Elle regrette, cependant, qu’une telle injonction avec astreinte ne soit pas également prévue afin de satisfaire aux demandes présentées par les personnes en vue d’exercer leurs droits (accès, opposition ou rectification notamment). Or, les deux tiers des plaintes dont est saisie la Commission chaque année portent sur l’exercice d’un droit et, dans de nombreux cas, un pouvoir d’injonction avec astreinte permettrait de satisfaire aux demandes des plaignants. Ce pouvoir d’injonction devrait être prévu pour garantir l’effectivité des droits conférés aux citoyens par le Règlement.

- En deuxième lieu, le 3° du III de l’article 45 de la loi modifiée dispose que le Président de la CNIL peut mettre en demeure de communiquer à la personne concernée une violation de données à caractère personnel à l’exception des traitements qui intéressent la sûreté de l’Etat ou la défense et ceux mentionnées à l’article 27. Une telle mesure peut donc en revanche être prononcée s’agissant des traitements visés au 2° du I de l’article 26 de la même loi, conformément à ce que prévoit le c° du II de l’article 47 de la Directive.

La Commission estime qu’afin d’être en mesure d’assurer le plus haut niveau de protection des droits, l’obligation de communiquer à la personne concernée une violation de données à caractère personnel devrait, par principe, s’étendre à tous les traitements sans exception. Elle considère en outre que l’enjeu d’information des personnes concernées est d’autant plus crucial que les conséquences d’une divulgation de données pour elles sont importantes, ce qui peut être le cas des traitements mentionnés à l’article 27 de la loi du 6 janvier 1978.

- En troisième lieu , il est prévu quatre types d’exception au titre des pouvoirs dont dispose la formation restreinte en application des articles 45 et 46 de la loi modifiée. L’articulation entre ces différentes exceptions et leurs modalités de mise en œuvre n’apparait pas toujours suffisamment cohérente.

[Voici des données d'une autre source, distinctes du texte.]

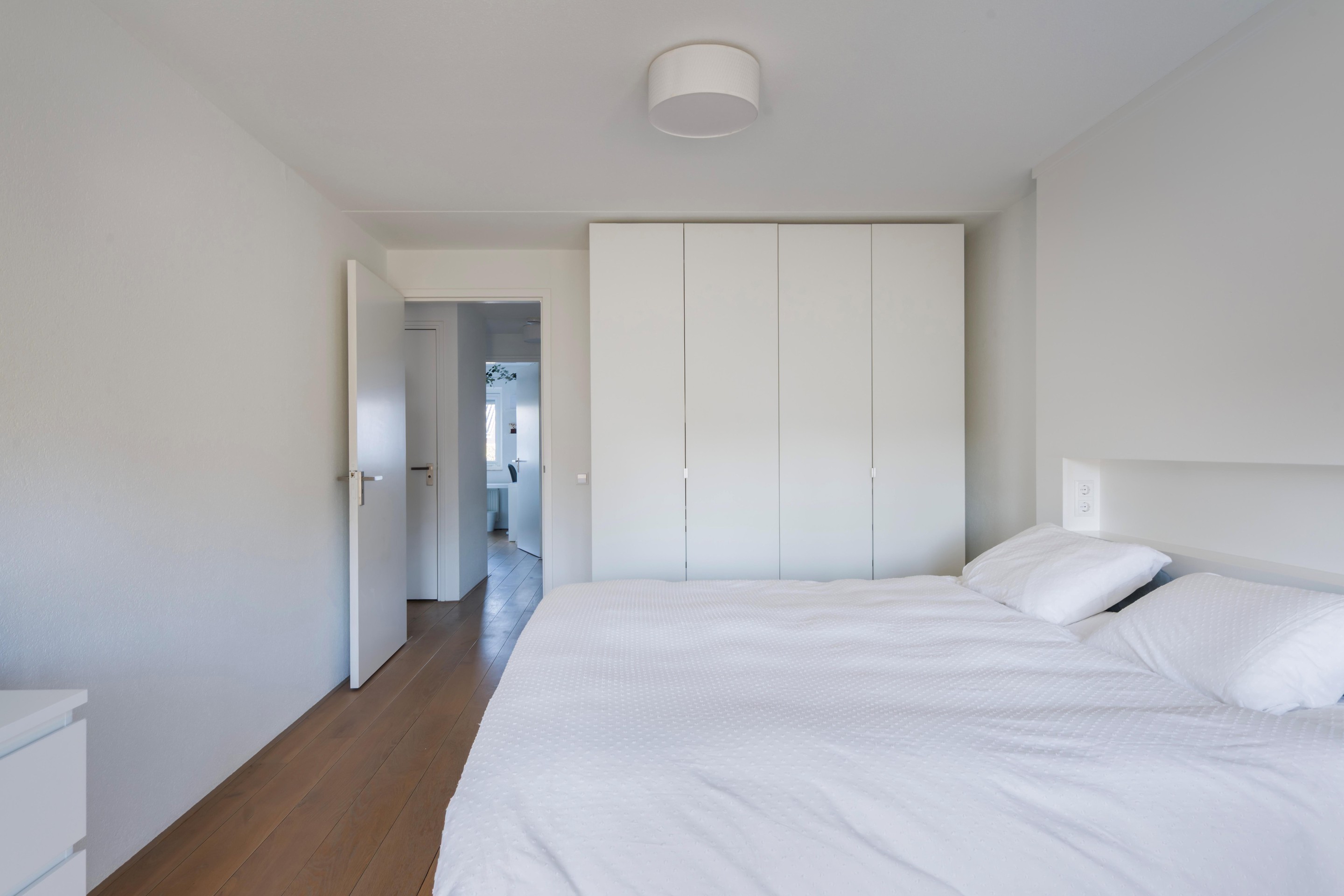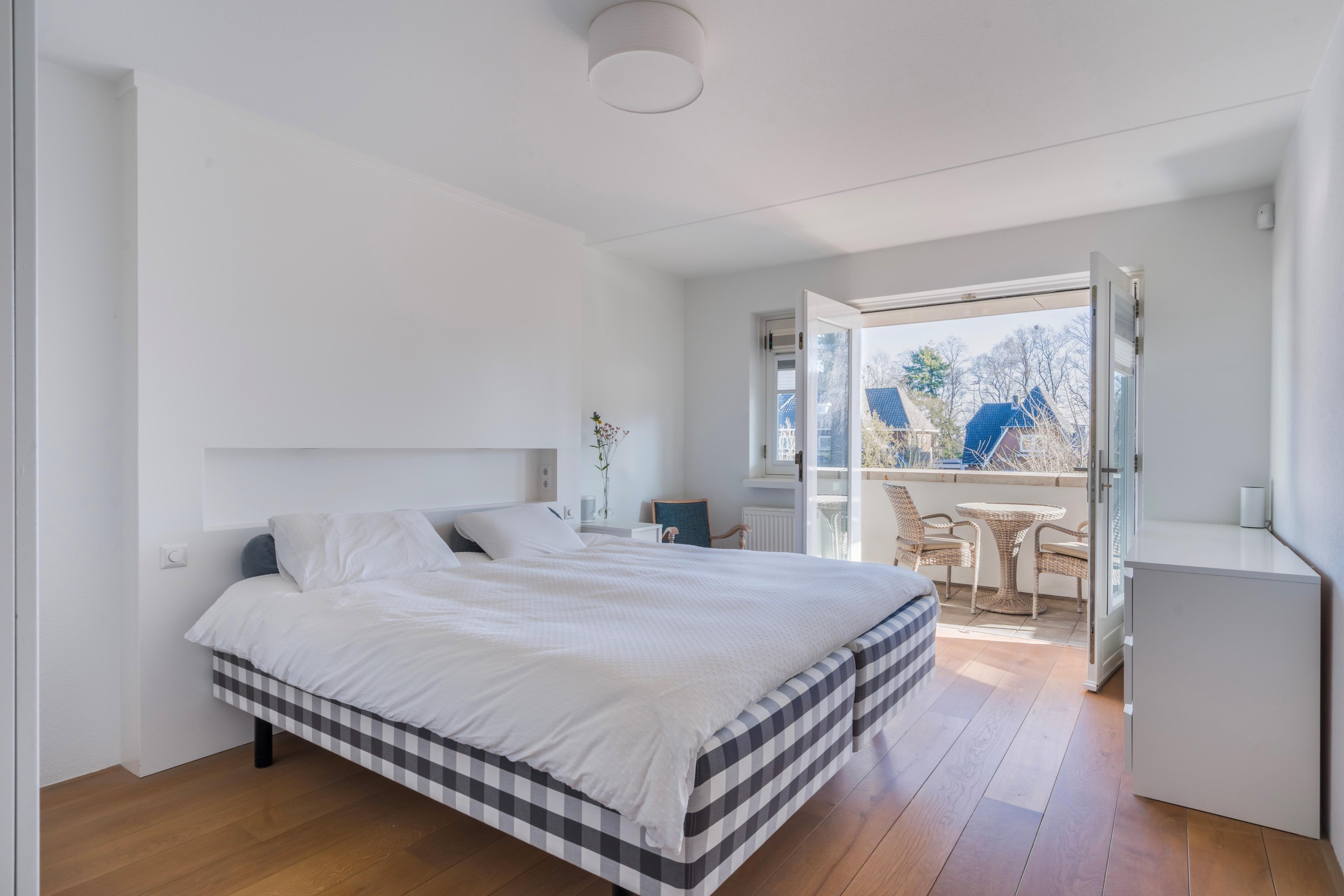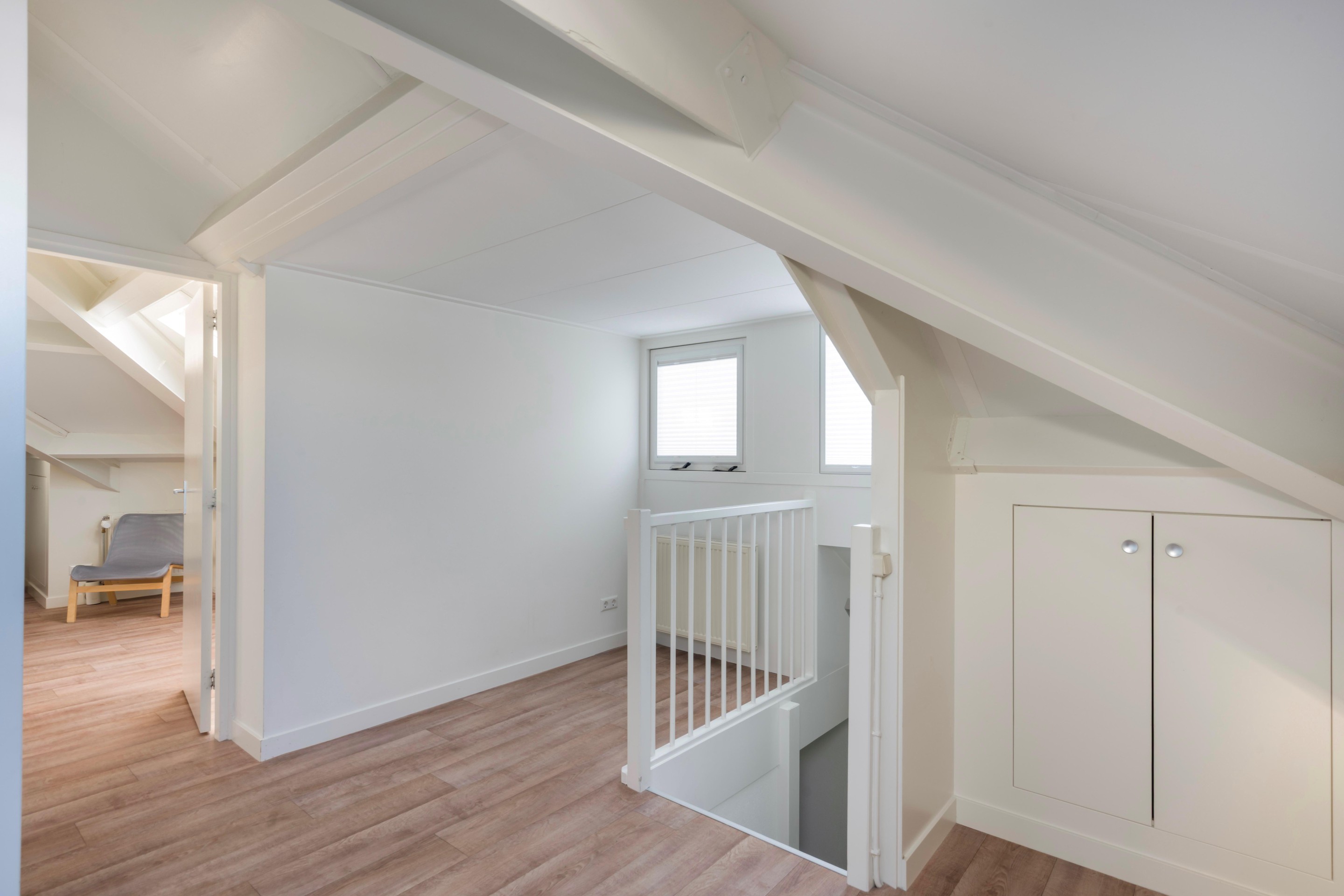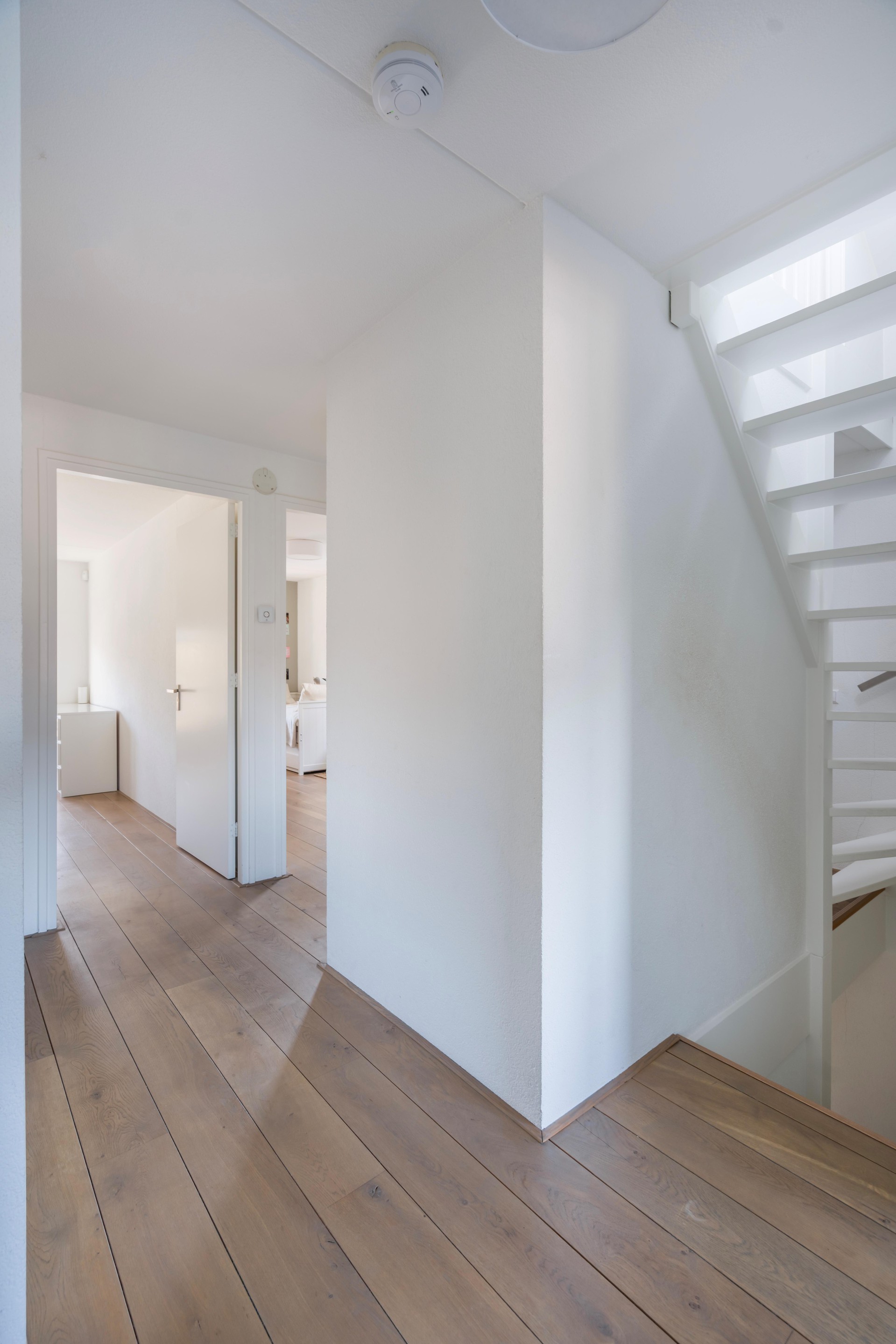 Op de eerste verdieping komt u op de overloop die toegang geeft tot vier slaapkamers. De kamers zijn prettig en ruim van formaat en daardoor geschikt voor een gezin, logees of bijvoorbeeld een combinatie van slapen en werken/studeren. De hele verdieping is voorzien van dezelfde houten vloer als de benedenverdieping. De grotere slaapkamer heeft bovendien toegang tot het balkon aan de Kerkewijk: een leuke extra om even een frisse neus te halen of de dag rustig te starten. De badkamer is compleet ingericht met dubbele wastafel, inloopdouche en bad. Daarnaast is er nog een separaat toilet.

La Commission relève tout d’abord que le 3° du II du projet d’article 45 prévoit la limitation temporaire ou définitive du traitement ou son interdiction, à l’exception des traitements qui intéressent la sûreté de l’Etat ou la défense visés au 1° du I de l’article 26 de la loi. La Commission en déduit que les mesures de limitation ou d’interdiction seraient applicables aux autres traitements relevant des articles des articles 26 et 27. En revanche, en application du 1° du I de l’article 46 tel que modifié par le projet de loi, la formation restreinte ne pourrait pas, pour ces mêmes traitements, prononcer une interruption provisoire de leur mise en œuvre en cas d’urgence et d’atteinte aux droits et libertés visés à l’article 1er de la loi.

Dans un souci de cohérence et pour assurer le plus haut niveau de protection des droits des personnes, la Commission considère que la formation restreinte devrait également pouvoir prononcer une interruption provisoire de la mise en œuvre desdits traitements lorsque les conditions sont réunies. A défaut, la formation restreinte disposerait en urgence de pouvoirs inférieurs à ses pouvoirs ordinaires.

Ensuite, le projet de loi dispose au 7° du I du projet d’article 46 que la formation restreinte peut informer le Premier ministre afin qu’il prenne des mesures correctrices s’agissant des traitements mentionnés aux I et II de l’article 26 de la loi du 6 janvier 1978. Il apparaît en revanche que l’information du Premier ministre est exclue s’agissant des traitements relevant de l’article 27 de la même loi. De la même manière, le 2° du I de l’article 46 de la loi modifiée prévoit la possibilité de limiter provisoirement le traitement de certaines données si le traitement n’est pas au nombre de ceux qui sont mentionnés au I et II de l’article 26. La Commission en déduit que la limitation provisoire des données est possible pour les traitements relevant de l’article 27.

Là encore, dans un souci de cohérence et pour assurer le plus haut niveau de protection des droits des personnes, la Commission considère que la formation restreinte devrait pouvoir, d’une part, informer le Premier ministre afin qu’il prenne des mesures correctrices s’agissant des traitements relevant de l’article 27 et, d’autre part, limiter provisoirement le traitement de certaines données de traitements mentionnés au I et II de l’article 26.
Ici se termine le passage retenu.